Some couples cope with these, and even recover. Some are damaged beyond repair, but accept their fate and move on. A few go mad. That’s when the wreckage of love hits the headlines.
MiD DAY, 25 March 2008
The media will cover their tragedy extensively because they worked in the high profile sectors of software and finance. People will say wise things, such as, “What purpose did Amit achieve with this murder and suicide?” and “It only shows what life really is like behind all the IT glamour.”
Amit’s case is similar to that of Gururaj Kishore, also a techie, who killed his girlfriend Tanya because he thought she had become intimate with other men. He stabbed her repeatedly and dumped her body in the ghats near Sakleshpur last year. He was arrested a day after the crime, and is now in jail. So, are young people in the IT sector more likely to commit ‘crimes of passion’ than their counterparts elsewhere?
It is possible that jobs in the new “flat world” (Friedman’s coinage, to suggest the collapse of barriers and the levelling out of opportunities) extract more out of the young, ruin their balance, and drive them to desperation. It is possible that new job descriptions and super smart managers nudge young people along the path to overachievement, and self-destruction.
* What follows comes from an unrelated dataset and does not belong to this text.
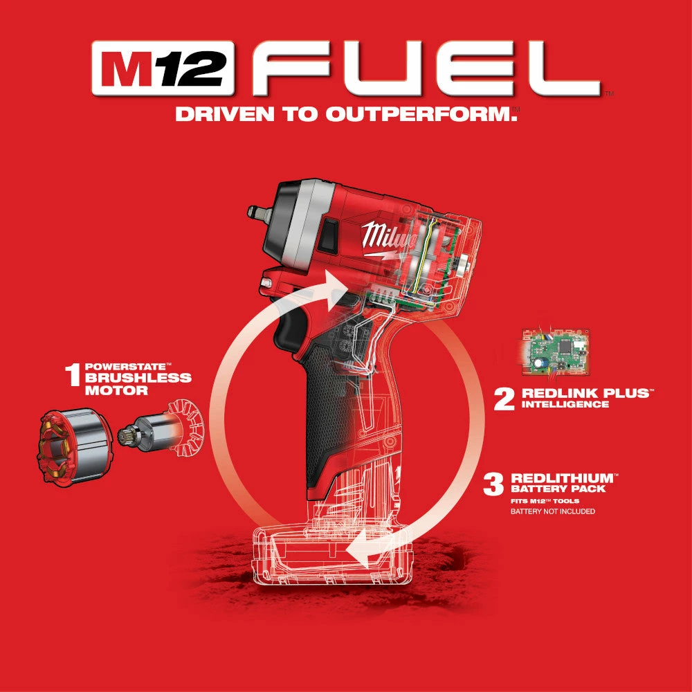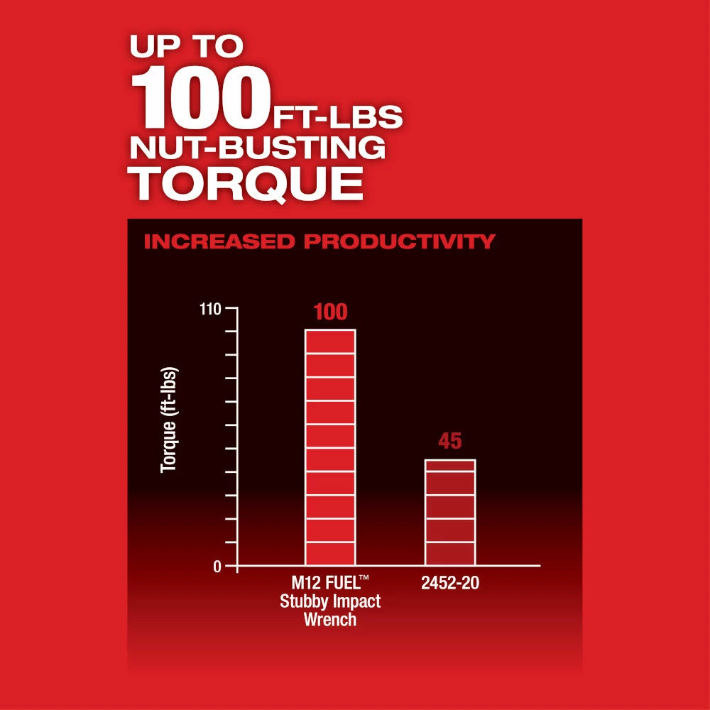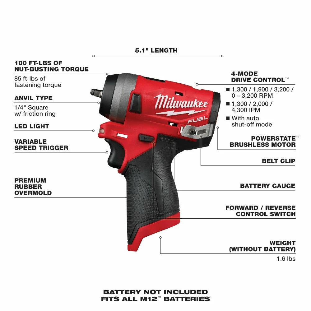 - Milwaukee M12 12-Volt FUEL 1/4-Inch Stubby Impact Wrench (Bare Tool) – 2552-20

Conservative India may look down upon, and secretly envy, the “permissive” abandon of the new workspace, but do these murders really show the dark side of our American-inspired IT dream?
Just a day before the Infosys employee smothered his wife with a pillow, a man stabbed a friend to death because he had sprayed Holi colours on his wife and behaved indecently with her. This happened in a working class neighbourhood in southern Bangalore, and among people who worked as painters
and carpenters. So what has “IT culture” to do with what happened to Amit and Rinku? It could happen anywhere. And it could happen to anyone.
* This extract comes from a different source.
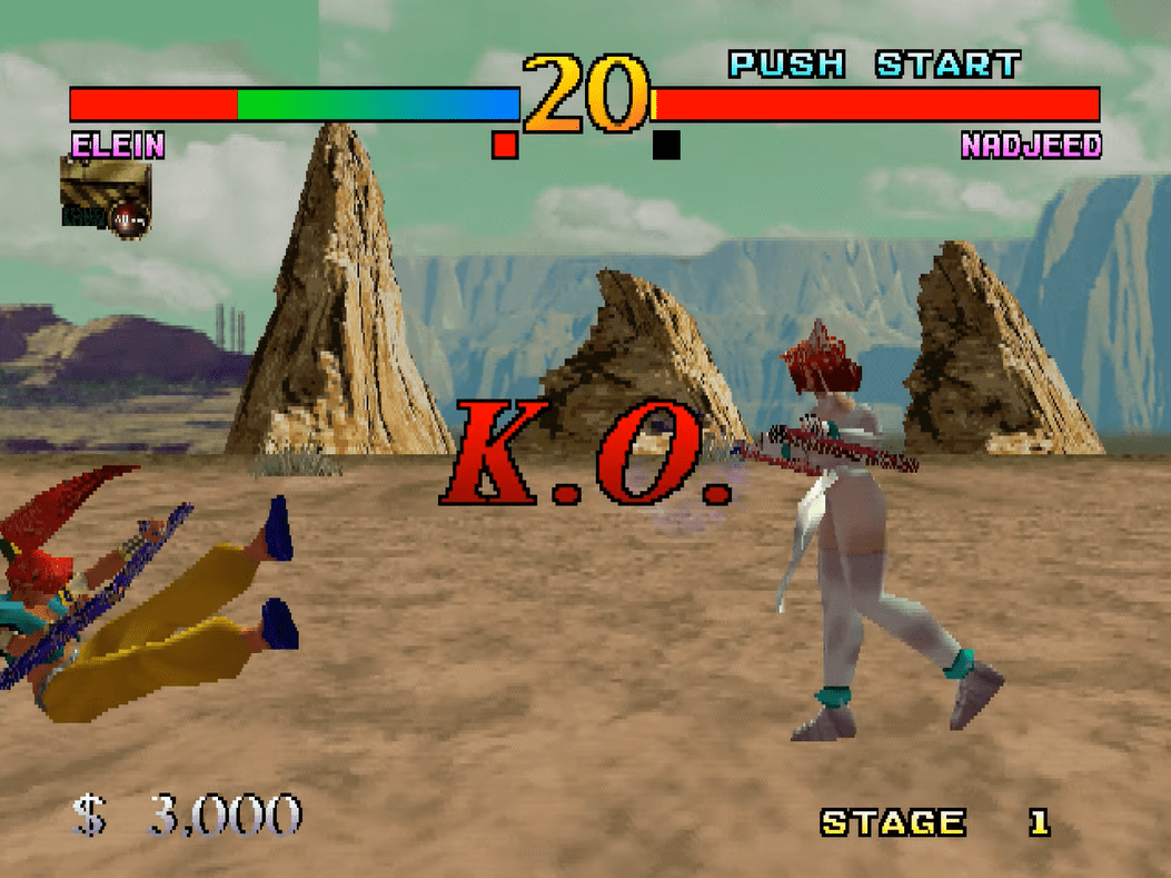 Here is the video game “Battle Tryst”! Released in 1998 on Arcade, it's still available and playable with some tinkering. It's an action game, set in an anime / manga and fighting themes.

Perhaps great writers, more than anyone else, can help us glimpse the complex psychological intrigues that go into the making of such crimes. The story of Othello, for instance, shows what ensues when a man is consumed by suspicion, jealousy and rage. The wily Iago, unhappy for professional reasons, fuels Othello’s doubts and incites him to kill his beloved wife Desdemona. Othello, initially justifies his action, but when he realises he has wronged an innocent woman, pierces himself with a dagger and kills himself with her body in his arms. (We know very little about what happened inside the minds of Amit and Rinku, but the verifiable details of their last moments echo the sad climax of Othello).
Othello is a black general in the Venetian army and Desdemona the daughter of a white senator. Shakespeare's keen eye grasped the subtle strands that weave a tragic story. Some writers saw in the play a lesson for white women who fell in love with black, Muslim men. Salman Rushdie interprets Desdemona's murder as a despicable, misguided “honour killing”. The police will tell us what they can piece together of the Amit-Rinku story, but will anyone ever know what really
precipitated the end? Failure of marriage? Frustration? Loneliness in a relationship? Shock of betrayal? Incompatibility?
Some couples cope with these, and even recover. Some are damaged beyond repair, but accept their fate and move on. A few go mad. That’s when the wreckage of love hits the headlines.